Government, according to Environment, National Resources, Conservation and Tourism minister Philda Kereng, has already relocated black rhinos to safety, as their numbers are lower than the white and thus more sensitive.

The dilemma for government, analysts say, is that relocating white rhinos out of the Delta removes a key species desired by tourists at a time when efforts are being made to resuscitate the COVID-19 hit industry. While tourists enjoy the Delta’s waterways and elephants, spotting a rhino in the wilderness is a once in a lifetime experience. Depopulating the Delta of rhinos would be a blow to the tourism sector’s revival plans, analysts say.

The minister, meanwhile, says efforts are being made to arrest the situation around rhinos in the Delta.

“Rhino poaching continues to pose a challenge in efforts to conserve these iconic species in Botswana,” she told Parliament recently.

“To address this escalating threat, a decision was taken to dehorn rhinos in the Okavango Delta.
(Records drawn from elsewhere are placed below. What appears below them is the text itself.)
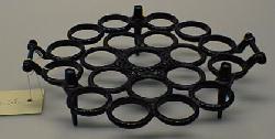 Telineessä 3 jalkaa, joiden varassa yhteenvaletuista renkaista muodostuva vaakasuora alue. Renkaiden pinnoissa koho-ornamenttia. Kaksi pientä kahvaa.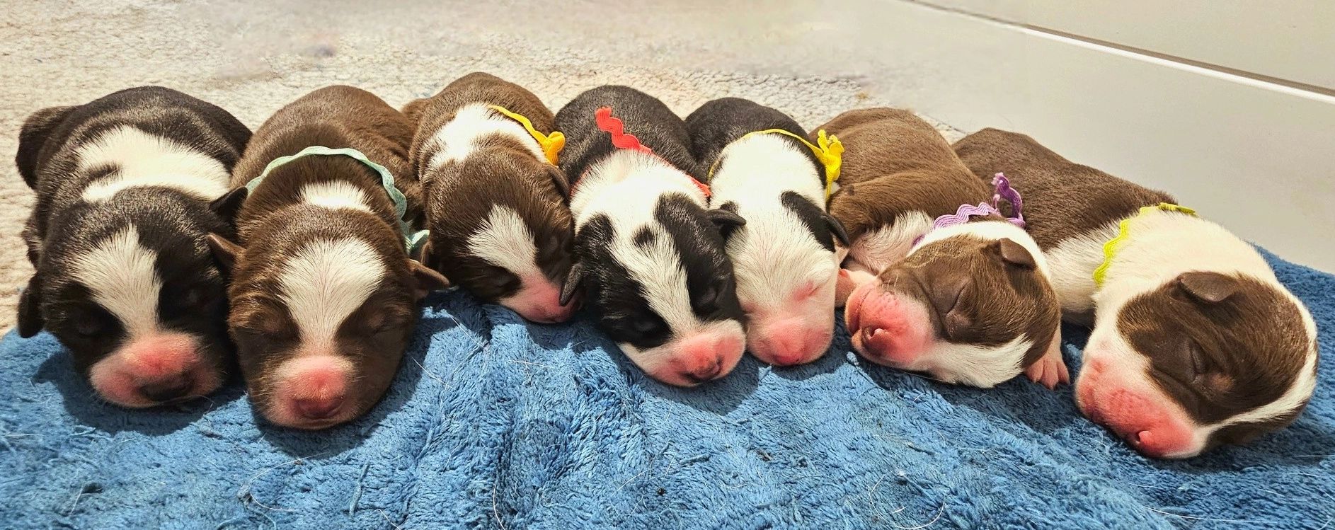 2 red tri, 1 black tri, 2 red and white, 2 black and white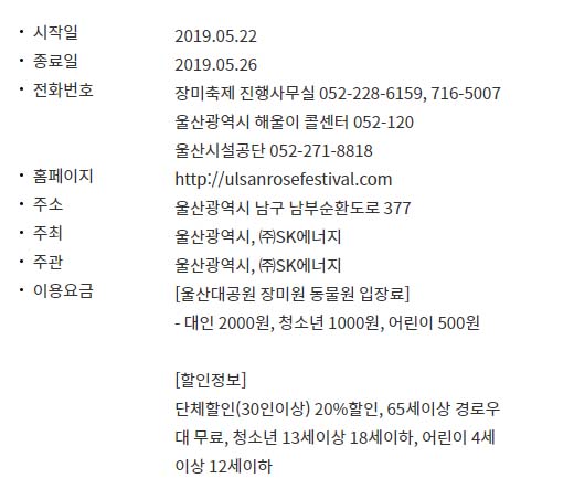 울산대공원 장미축제 입장료는 아래에 있습니다

“In addition, efforts were also made to relocate the remaining highly endangered black rhinos to places of safety.

“The Ministry is in the process of reviewing the Rhino Conservation and Management Strategy in order to boost efforts to increase rhino numbers, improve the community and private sector participation in rhino management as well as develop measures to combat poaching.

“The strategy is expected to start in April 2021.”

Verreynne, who is the coordinator of the Rhino Working Group within the Botswana Wildlife Producers Association, says their members have been feeding into the Rhino Conservation and Management Strategy.

“Our members are looking after many rhinos already at Khama Rhino Sanctuary, Orapa Game Park and Jwana, who are members. “We would love to have these partnerships and also see the communities involved.

“It is also very important to incentivise those who take up the rhinos because there are costs involved and investment required.”

All the voices in conservation and tourism agree that rhinos need stronger protection, as the poachers make their presence felt.

It is hoped that the upcoming strategy will map out a way to achieve this and protect the country’s iconic species.